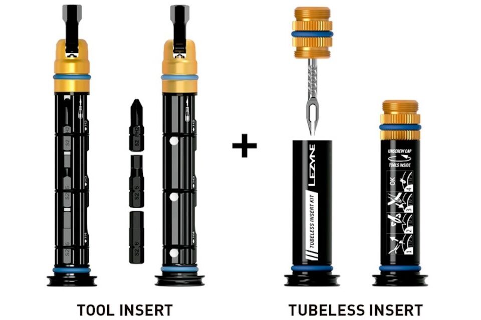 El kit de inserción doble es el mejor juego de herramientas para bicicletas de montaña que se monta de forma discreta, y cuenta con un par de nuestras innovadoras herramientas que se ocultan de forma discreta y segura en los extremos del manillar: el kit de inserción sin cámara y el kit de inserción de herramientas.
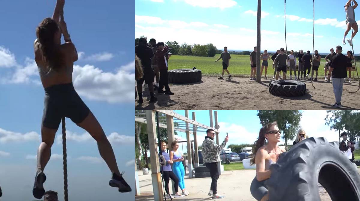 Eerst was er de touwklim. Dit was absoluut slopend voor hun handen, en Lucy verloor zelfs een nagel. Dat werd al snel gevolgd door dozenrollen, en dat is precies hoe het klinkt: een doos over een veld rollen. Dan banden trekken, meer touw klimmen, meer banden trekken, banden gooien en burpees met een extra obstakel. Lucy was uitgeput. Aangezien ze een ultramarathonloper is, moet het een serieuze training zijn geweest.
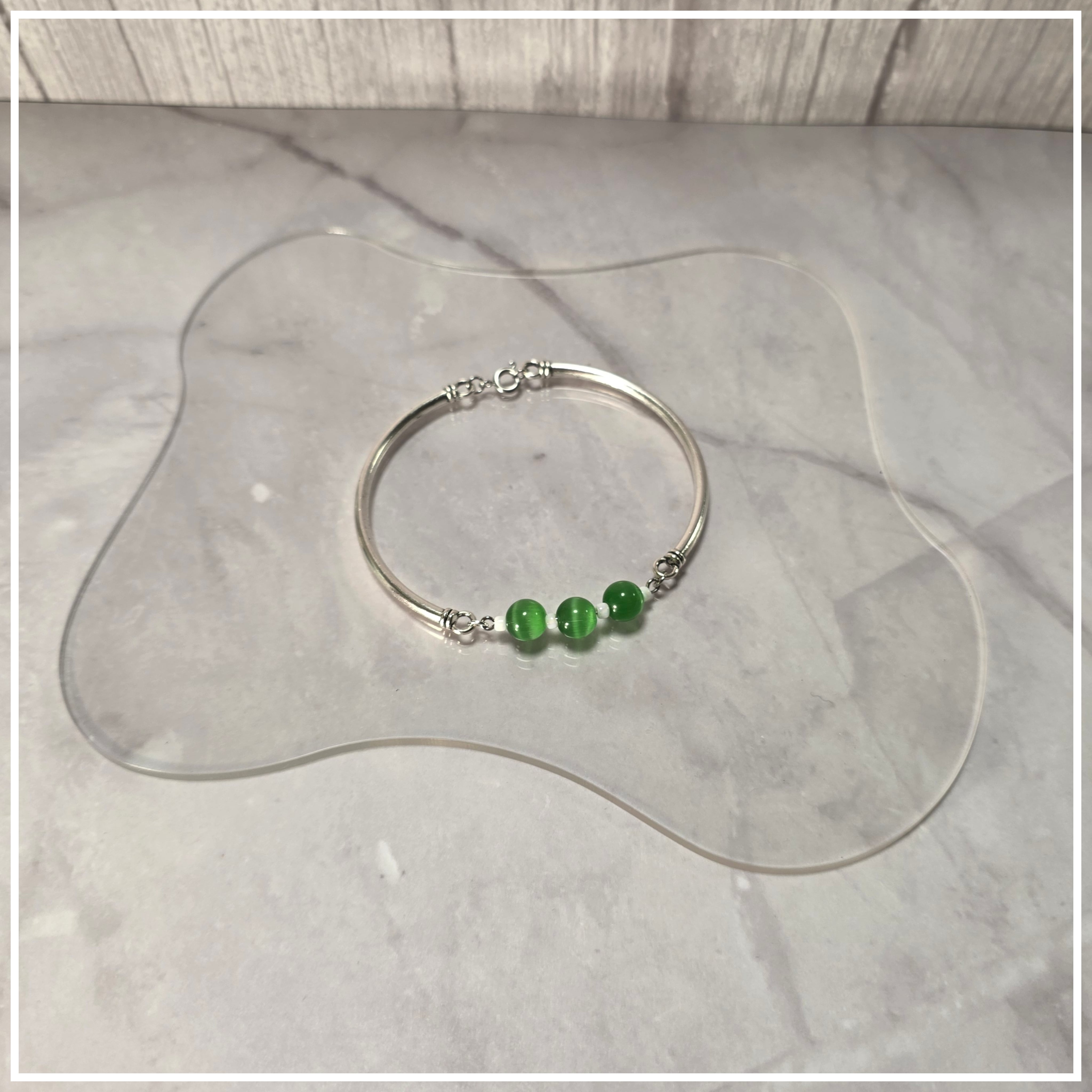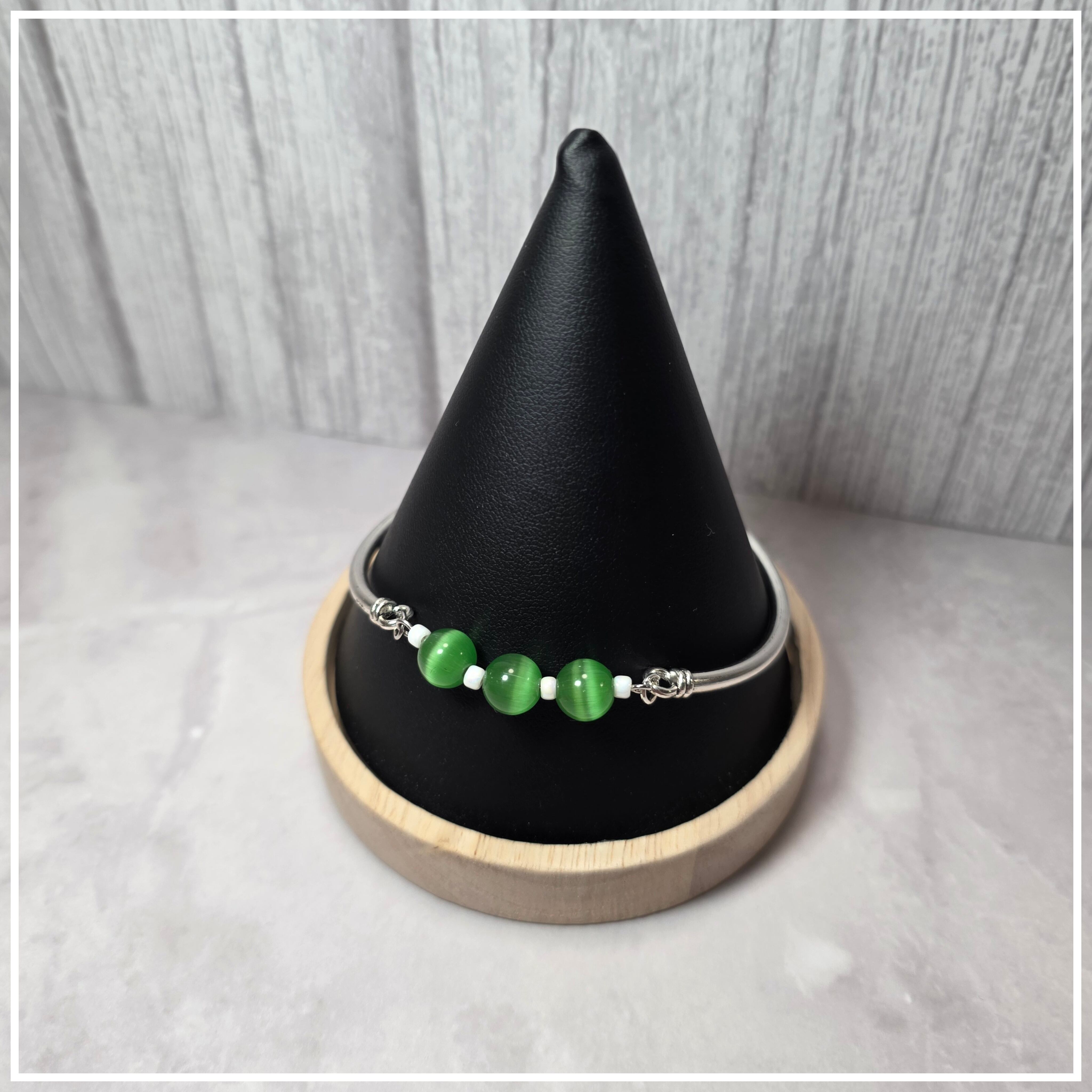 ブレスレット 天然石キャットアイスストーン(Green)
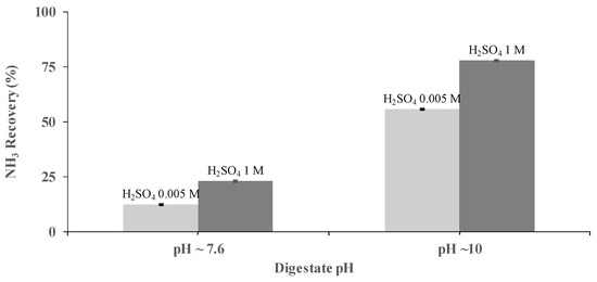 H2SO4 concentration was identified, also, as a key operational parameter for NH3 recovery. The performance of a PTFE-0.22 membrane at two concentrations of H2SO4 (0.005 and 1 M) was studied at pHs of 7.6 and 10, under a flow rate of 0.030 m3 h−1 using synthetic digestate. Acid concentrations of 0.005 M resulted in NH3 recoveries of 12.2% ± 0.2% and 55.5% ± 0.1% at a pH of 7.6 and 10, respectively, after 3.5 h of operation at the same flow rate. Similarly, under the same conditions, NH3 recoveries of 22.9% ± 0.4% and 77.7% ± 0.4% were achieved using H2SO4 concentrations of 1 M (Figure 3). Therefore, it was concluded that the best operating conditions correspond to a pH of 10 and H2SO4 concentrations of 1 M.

┄┄┄┄┄┄┄┄┄┄

# THE PROBLEM
Only one stretch of the material above is wanted: the line containing "Eerst was er" through the line containing "ブレスレット 天然石キャットアイスストーン(Green)". Restate it word for word, minus the pictures.

# TASK OUTPUT
 Eerst was er de touwklim. Dit was absoluut slopend voor hun handen, en Lucy verloor zelfs een nagel. Dat werd al snel gevolgd door dozenrollen, en dat is precies hoe het klinkt: een doos over een veld rollen. Dan banden trekken, meer touw klimmen, meer banden trekken, banden gooien en burpees met een extra obstakel. Lucy was uitgeput. Aangezien ze een ultramarathonloper is, moet het een serieuze training zijn geweest.
 ブレスレット 天然石キャットアイスストーン(Green)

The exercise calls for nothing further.